Practo is a health tech company based out of India and aims to connect the fragmented medical community with millions of patients across the country. Practo has made information more accessible by creating a platform that allows doctors to list their services and manage patient interactions and provides an array of services for patients, mainly for booking interactions with doctors and maintaining a consistent medical history.
Practo targeted independent healthcare professionals across cities and small towns who were often oversubscribed and lacked sophisticated resources. It created a SaaS product for doctors to easily organize appointments, track past medical records and provide e-prescriptions. The platform enabled doctors to save valuable time, establish their presence or grow their business and engage more meaningfully with patients than ever before. While independent doctors and small clinics were the main target of its product, Practo created a multitude of products and services for consumers to enjoy network effects on this platform. Practo reduces the search and transaction costs for patients (consumers) and helps users find the right doctors through easily accessible and contextually relevant listings. As a valuable extension, Practo provides health-centric credit cards and allows patients to order medicines online.
Practo has smartly captured value through its platform and deeply subsidized the consumers part of the network. Its revenue model centers around the medical providers (clinics) and Practo makes most its money through the SaaS subscription software. For patients, the listings are free, and the company doesn’t charge any commissions. By increasing efficiency and visibility of small clinics, Practo wants to make the platform sticky on the supply side. Similarly, by making the demand side free, it aims to retain patients on account of its superior product the ability to maintain health history (especially in the absence of a national system) and an ever-growing array of medical services and adjacencies.
Practo has deployed a feet-on-ground sales strategy, which is expensive but effective. Due to lack of any organized system, the platform is very sticky for doctors and will make the economics work – a long time commitment from doctors has ensured that the lifetime value (LTV) of its product is very high and justifies the higher customer acquisition cost (CAC) initially. Finally, data captured by Practo (access to over 10+ M medical records) is a huge value capture option which is yet to be exercised. No other system in the country has the scale nor richness of data compared to Practo and it opens a vast pool of businesses that Practo can venture into.

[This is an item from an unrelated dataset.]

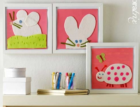 Mi idea favorita para decorar las paredes es que los cuadros los hagan los propios niños, como estos hechos con fieltro que propone Decoratrix.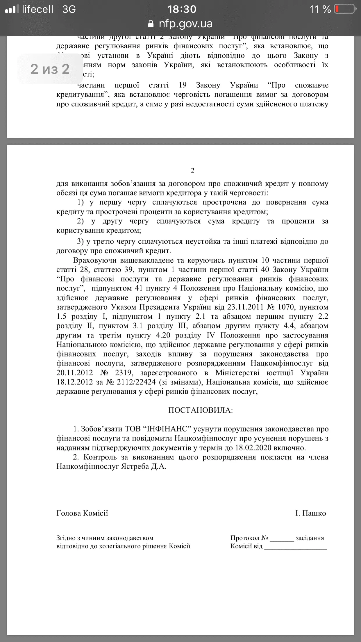 Распоряжение гласит о нарушении очередности зачисления платежей, а как что было засчитано - нужно смотреть в ответе Нацкома по твоему обращению, там должен быть подробный ответ.

Practo’s model has already proved to be scalable with their market entries into multiple other countries like Malaysia, Brazil, Singapore. Their strategy to scale is simple – onboard as many doctors and clinics onto the platform and drive value for them. Then, by heavily subsidizing the consumers and providing good services, patients would follow. Their on-foot sales approach seems cumbersome, especially in different markets but the high LTV justifies the CAC that Practo may occur in different countries.
Practo has set itself up in a way to avoid disintermediation. The governing environmental factors that keep patients/consumers locked-in include the vast array of health-related services available on Practo’s platform and the lack of a viable alternative. Similarly, doctors are benefiting from the scale and efficiency the software provides and are more incentivized to take the patients through the system rather than bypass it. Since it is a commission-free model, doctors are not worried about Practo taking a cut and prefer using the systems to save time. Multi-homing threat is also reduced since the company is storing all health-records in one location for the users’ convenience, avoiding the temptation to move to other solutions on different occasions.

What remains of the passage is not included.